Я лег спать. Дом, в котором я жил, почти не отапливался. В комнате, где я работал и спал, было адски холодно. Холод и разбудил меня среди ночи. Я посмотрел на часы и увидел, что уже начало пятого. Я встал и оделся. Потом я разыскал палку и вышел из дому. Улицы были завалены снежными сугробами. Никаких тротуаров, никаких дорожек. Я спотыкался, проваливался в снег, подымался и шел дальше. Снова падал и снова вставал. Снегопад все еще не прекратился — четвертый день продолжалась непроглядная вьюга. А до места, где было назначено собрание, нужно было пройти больше двух километров. Я прошел их за четыре часа. Поднявшись на пятый этаж, я стряхнул с себя снег и вошел в зал заседаний. Там уже сидело человек двадцать. Всего было вызвано на собрание около ста товарищей. Сидевшие беспрестанно курили. В комнате стоял бледный сумрак и было так накурено, что, казалось, можно было бы разрезать табачное облако на куски. За столом президиума важно восседал товарищ Бод. Я поздоровался, но он не удостоил меня ответом. Я видел только, как он раскрыл какую-то тетрадь, похожую на классный дневник, и что-то отметил в ней; как мы поняли потом, он отмечал каждого вновь прибывшего и время, когда он прибыл. Я тоже сел на стул и стал ждать… Мы прождали до двенадцати часов дня. За это время пришло еще человек пять-шесть. Ровно в двенадцать товарищ Бод открыл собрание и сказал:

— Я вызвал вас на это собрание, несмотря на ужасную погоду, именно для того, чтобы узнать, кто из вас, новых членов партии, не прошедших через подполье и тюрьмы, беспредельно предан партии и готов явиться по первому ее зову…

После этого товарищ Бод сразу же объявил заседание закрытым и предложил нам разойтись по домам. У меня больше не было сил, чтобы рискнуть пуститься в обратный путь. Я отправился к друзьям, живущим неподалеку, и остался у них на целые сутки. Дорога, которую я проделал утром, не прошла для меня даром — я простудился и пролежал потом две недели с высокой температурой. Но я был рад, что так дешево отделался, и мне даже не пришло в голову, что товарищ Бод поступил неправильно. Однако позднее он сам занялся самокритикой:

— Знаете, я пришел к выводу, что не должен был вызывать вас в тот день, когда была снежная вьюга. Я сожалею об этом. К несчастью, должен признаться, что я всегда страдал левизной…

Когда мы видели, что старый товарищ ошибается или проявляет дурные черты характера, мы ужасно огорчались. Иногда у нас было такое впечатление, как будто на наших глазах происходит развенчание идола. А в те времена — теперь я уже могу сказать об этом открыто — идолов у нас хватало…


Когда мы подошли к дому, в котором помещался уездный комитет партии, мы увидели каких-то лошадей, привязанных к забору. В темноте трудно было их пересчитать, мне показалось, что их там не меньше семи. Орош сразу же определил:

— Это лошади Гынжей…

Семеро Гынжей действительно дожидались Ороша в той комнате, которую принято было считать его кабинетом.

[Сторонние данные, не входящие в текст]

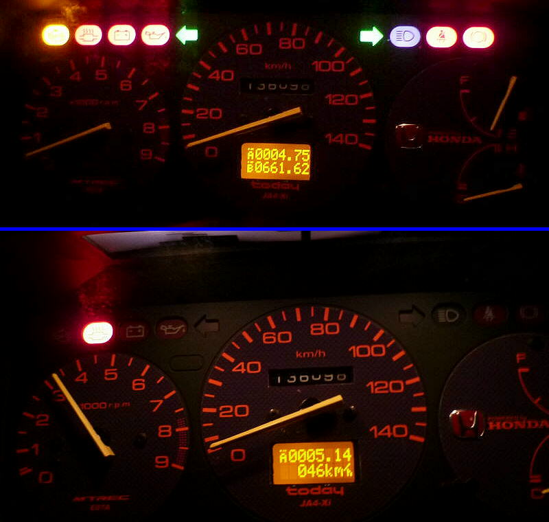 画像上側は、タコメーター背面 2ヶ所をLED化。
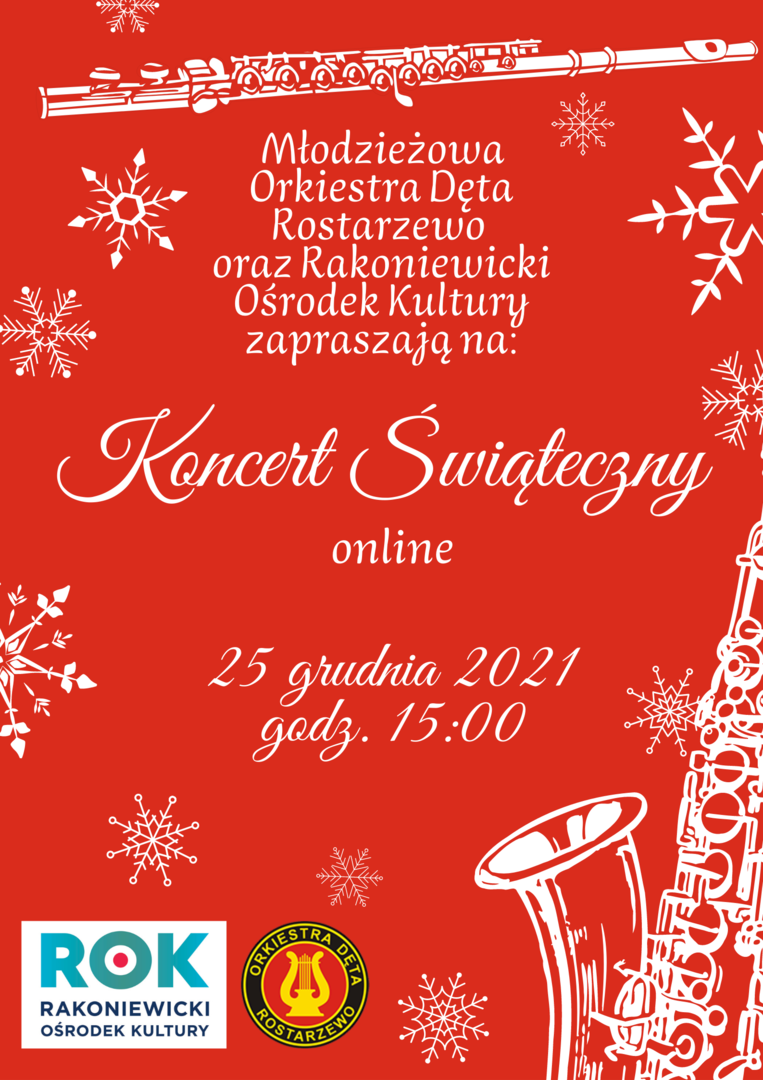 Młodzieżowa Orkiestra Dęta Rostarzewo oraz Rakoniewicki Ośrodek Kultury zapraszają na Koncert Świąteczny online, który odbędzie się 25 grudnia 2021r. o godzinie 15:00.
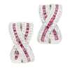 of cross over ribbon design, channel set with two rows of square cut rubies each between a border of small round brilliant cut diamonds, to post and clip fittings, stamped 14k
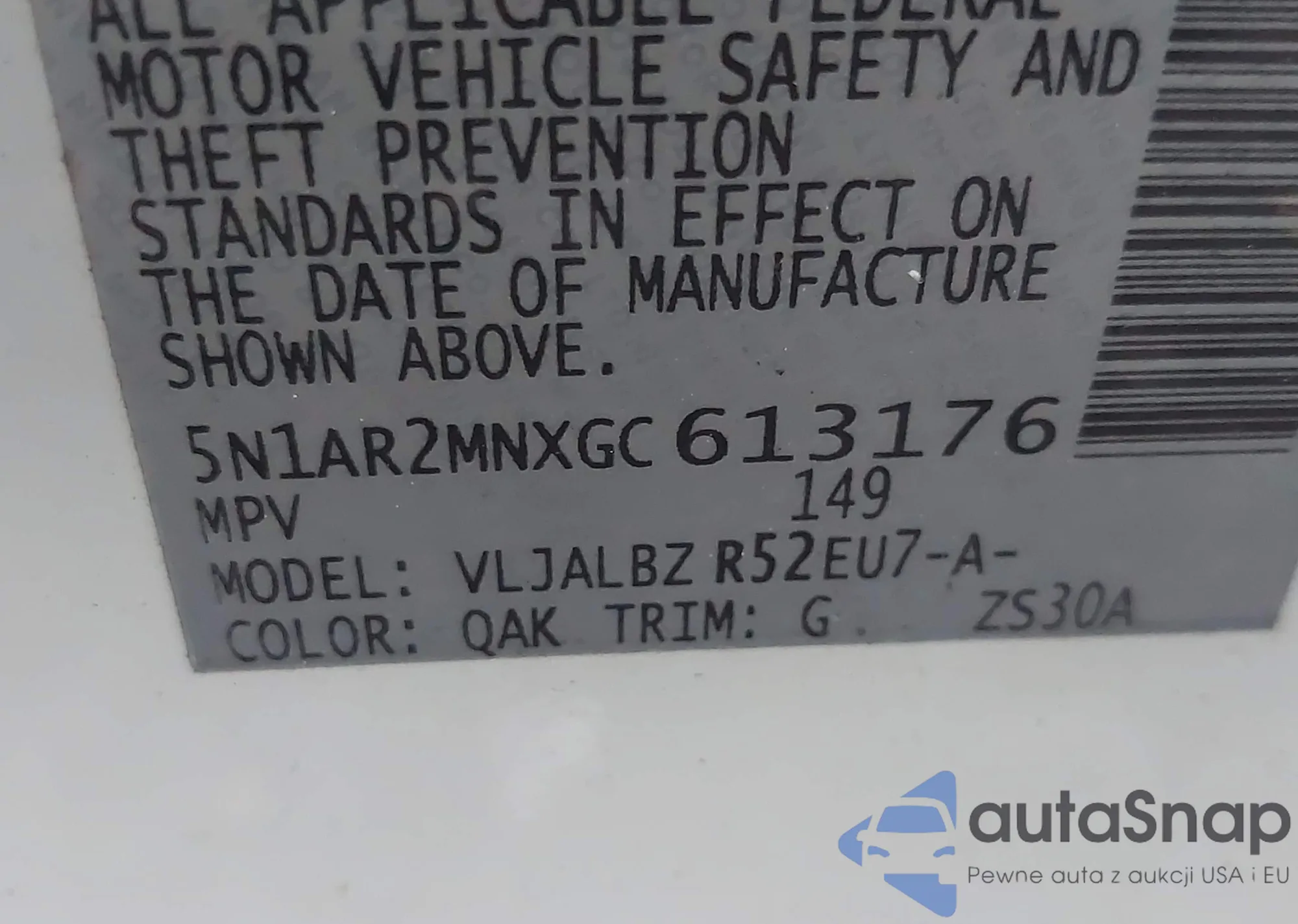 • VIN: 5N1AR2MNXGC613176
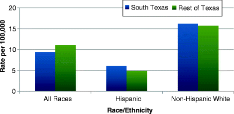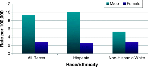 Suicide mortality rates in South Texas by sex and race/ethnicity, 2005–2009. Source: Center for Health Statistics Data Management Team, Texas Department of State Health Services
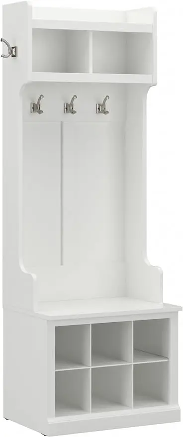Kathy Spain Home by Bush WDL008WAS 69-дюймовая скамейка для хранения обуви и стойка для пальто с 4 полками, белый пепепельный
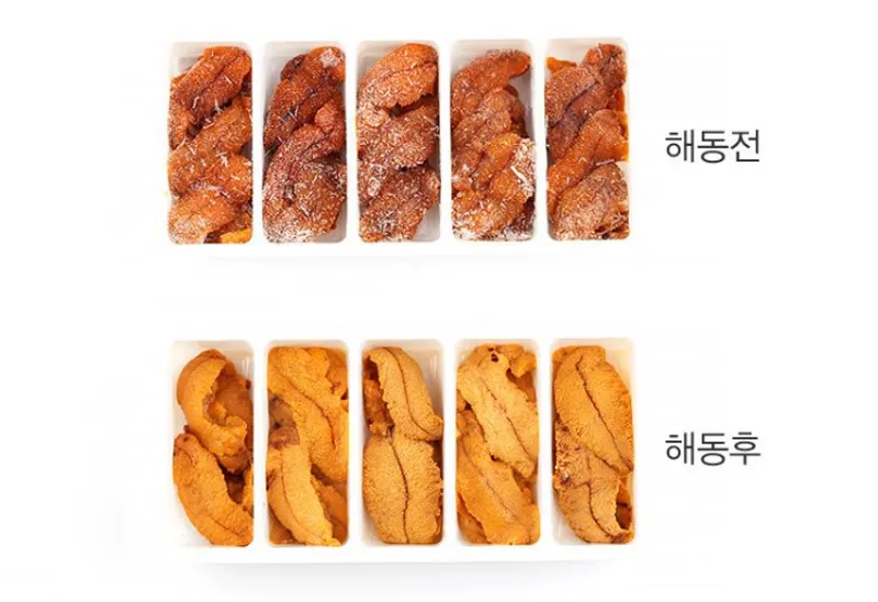 [보관 방법] 택배 수령 즉시 냉동 보관해 주세요. 냉동 성게알 해동은 냉장실에서 10시간 이상 서서히 차갑게 해동해 주세요. 해동 후 남은 성게알은 재 냉동하지 않는 것을 권장드립니다. [소비 기한] 수령 후 1~2일 내로 드시기를 추천드립니다.
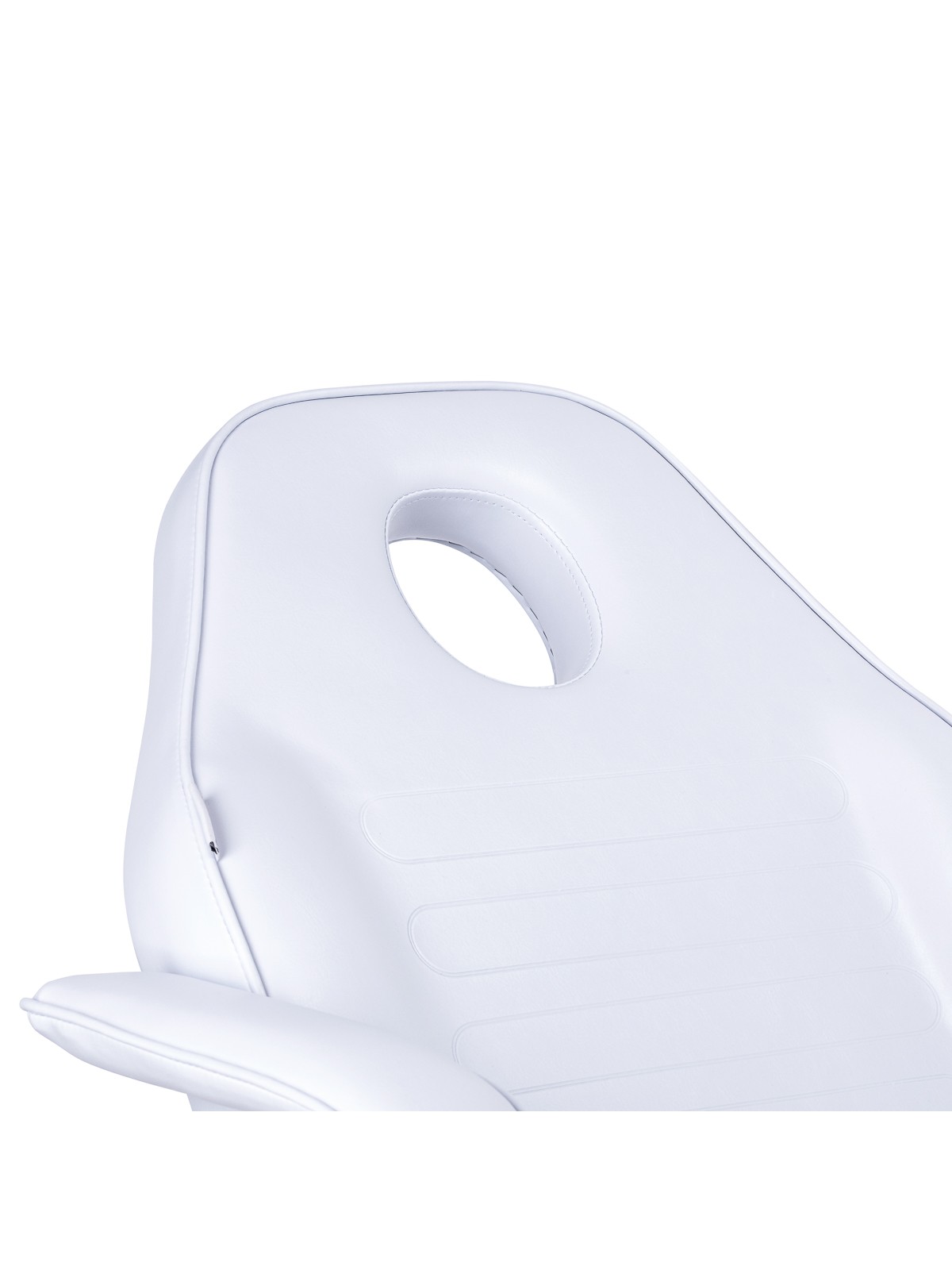 Wysokość fotela można dostosowywać w zakresie 62-75 cm bez użycia rąk za pomocą pompy hydraulicznej. Pozwala to na komfortowe korzystanie ze sprzętu osobom o różnym wzroście i umożliwia dostosowanie go do indywidualnych potrzeb zarówno klienta, jak i osoby wykonującej zabieg. Zastosowany mechanizm jest bardzo trwały i niezawodny. Dzięki otworowi w zagłówku, który jest ukryty pod odpowiednio wyprofilowaną poduszką, fotel doskonale sprawdzi się również przy zabiegach przeprowadzanych na plecach, takich jak masaże.
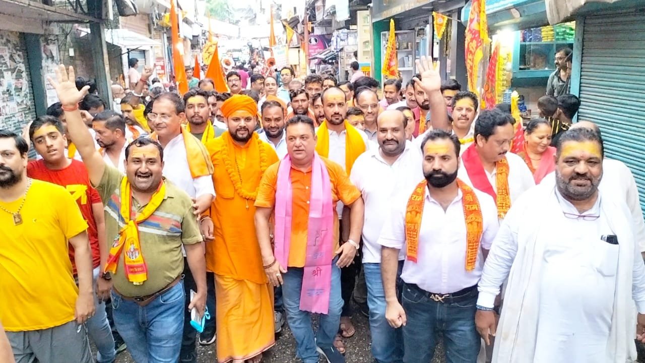 काशीपुर। राम मंदिर निर्माण के तीसरे वार्षिकोत्सव पर यहां किला बाजार से एक विशाल एवं भव्य ध्वज यात्रा निकाली गई। जोश खरोश से लवरेज राम भक्तों के जय श्री राम के गगनभेदी नारों से पूरा माहौल ऐसा हो गया जैसे यह काशीपुर नहीं बल्कि अयोध्या हो।
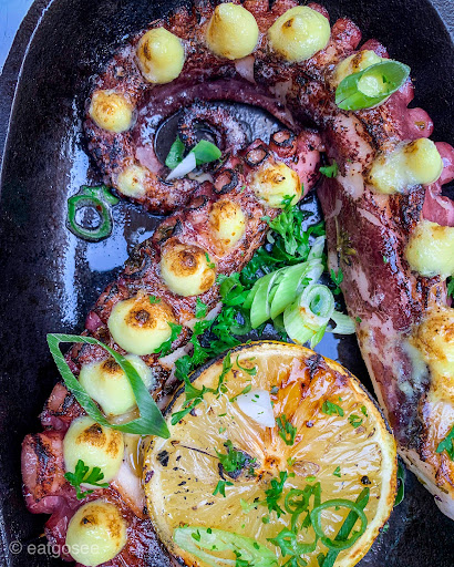 The KRAKEN or grilled octopus dish is a generous portion for one person dotted with bright saffron laced aioli. The octopus is steaky, not rubbery; the aioli is mellowed by the saffron where, actually, a more assertive pungent aioli kicking with garlic would pair well with the octopus and grilled lemon wedge.
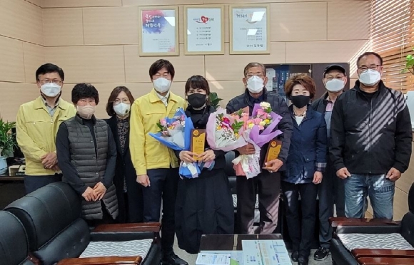 지좌동 행정복지센터(동장 임재춘)은 4월 1일(금) 9시 지좌동장실에서 전계숙 시의원 등이 참석한 가운데, 2022년 1분기 모범 통장 및 시민 표창패수여식 행사를 가졌다.이번 수여식은 시정 목표인「시민 모두가 행복한 김천」건설을 위해 앞장서고 시민 화합 및 복리 증진을 위해 노력한 모범 통장 및 시민에 대한 자긍심 고취를 위해 개최되었으며, 표창패 수여, 꽃다발 전달 및 기념촬영, 간담회 순으로 진행되었다.김천시에서는 매년 분기별로 사회봉사 및 선행 실천 시민 등 시정 발전에 기여한 숨은 보석을 발굴하고자 각계각층의 추천을 받아 표창패를 전수하고 있으며, 1분기 지좌동에서는 장영현 22통장(모범이통장)과 현)지좌동바르게살기협의회 이정욱 사무장(모범시민)이 수상의 영예를 안았다.장영현 22통장은 평소 솔선수범하는 자세로 산불예방활동 및 각종 시정사업 홍보에 앞장서 왔으며, 특히 코로나19 백신접종, 상생국민지원금 접수 등 코로나19 업무에 기여한 바가 큼에 따라 그 공을 인정받았으며, 이정욱 바르게살기협의회 사무장 또한 코로나19 방역 봉사활동 참여 및 Happy together 김천 운동 생활화 실천, 김천愛 주소갖기 운동 홍보 등 시정에 적극 참여한 공을 인정받았다.임재춘 지좌동장은 “우리시의 발전은 각자의 위치에서 시정 발전을 위해 묵묵히 맡은 바 일에 최선을 다해주시는 시민들이 있었기에 가능하다”고 말하며, “오늘 수상하시는 두 분에게 진심으로 축하의 말을 전하며, 앞으로도 더욱더 시민 화합 및 복리 증진을 위해 앞장서 주시길 바란다.”고 당부했다.
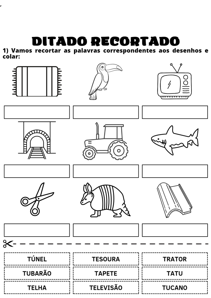 DITADO RECORTADO 1) Vamos recortar as palavras correspondentes aos desenhos e colar: V TÚNEL TESOURA TRATOR TUBARÃO TAPETE TATU TELHA TELEVISÃO TUCANO
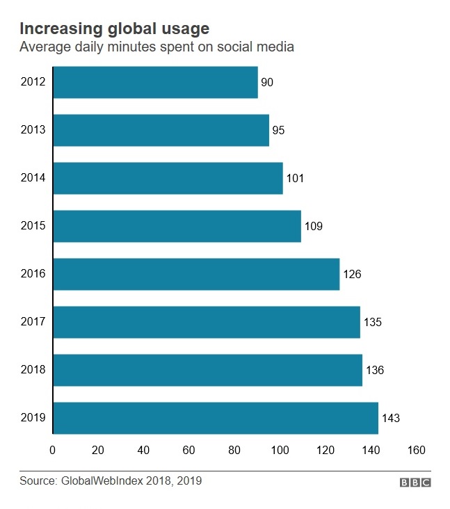 Khảo sát mới cho thấy thời gian dùng mạng xã hội tăng trung bình gần 60% trong bảy năm qua. Công ty GlobalWebIndex có trụ sở tại London phân tích dữ liệu từ 45 thị trường internet lớn nhất thế giới và ước tính thời gian mỗi người dành cho các trang hoặc ứng dụng mạng xã hội tăng từ khoảng 90 phút mỗi ngày năm 2012 lên 143 phút trong ba tháng đầu năm 2019.
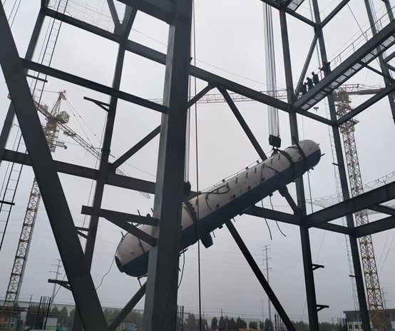 2023年9月25日上午11時,由第一公司承建的新沂市陽光熱電有限公司3×280t循環(huán)硫化床鍋爐+1×25MW抽汽背壓式汽輪發(fā)電機組搬遷項目1#鍋爐汽包一次順利吊裝就位。
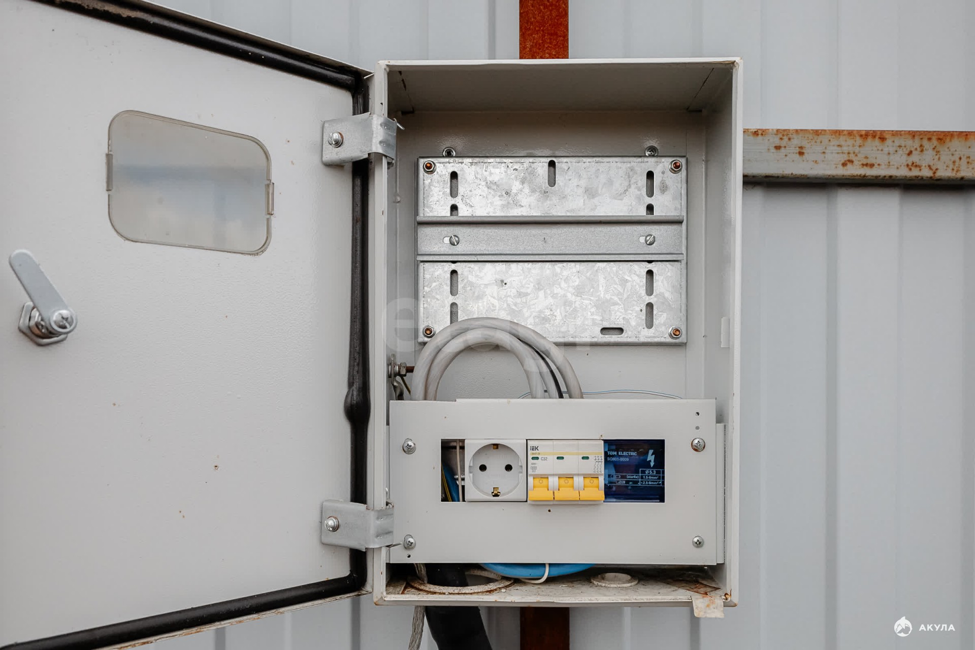 На участке проведено электричество, установлен счетчик, мощность 380 В, выполнена внутренняя разводка 220 В.

— В чем дело? — спросил Орош. — Что-нибудь случилось?

— Всегда что-нибудь да случается, — неопределенно ответил один из Гынжей, и по его лицу я понял, что ему хотелось бы остаться наедине с Орошем.

Гынжи, разумеется, считали и меня своим товарищем, но только до определенной черты… А за этой чертой для них существовал только Орош. Именно он олицетворял для них партию.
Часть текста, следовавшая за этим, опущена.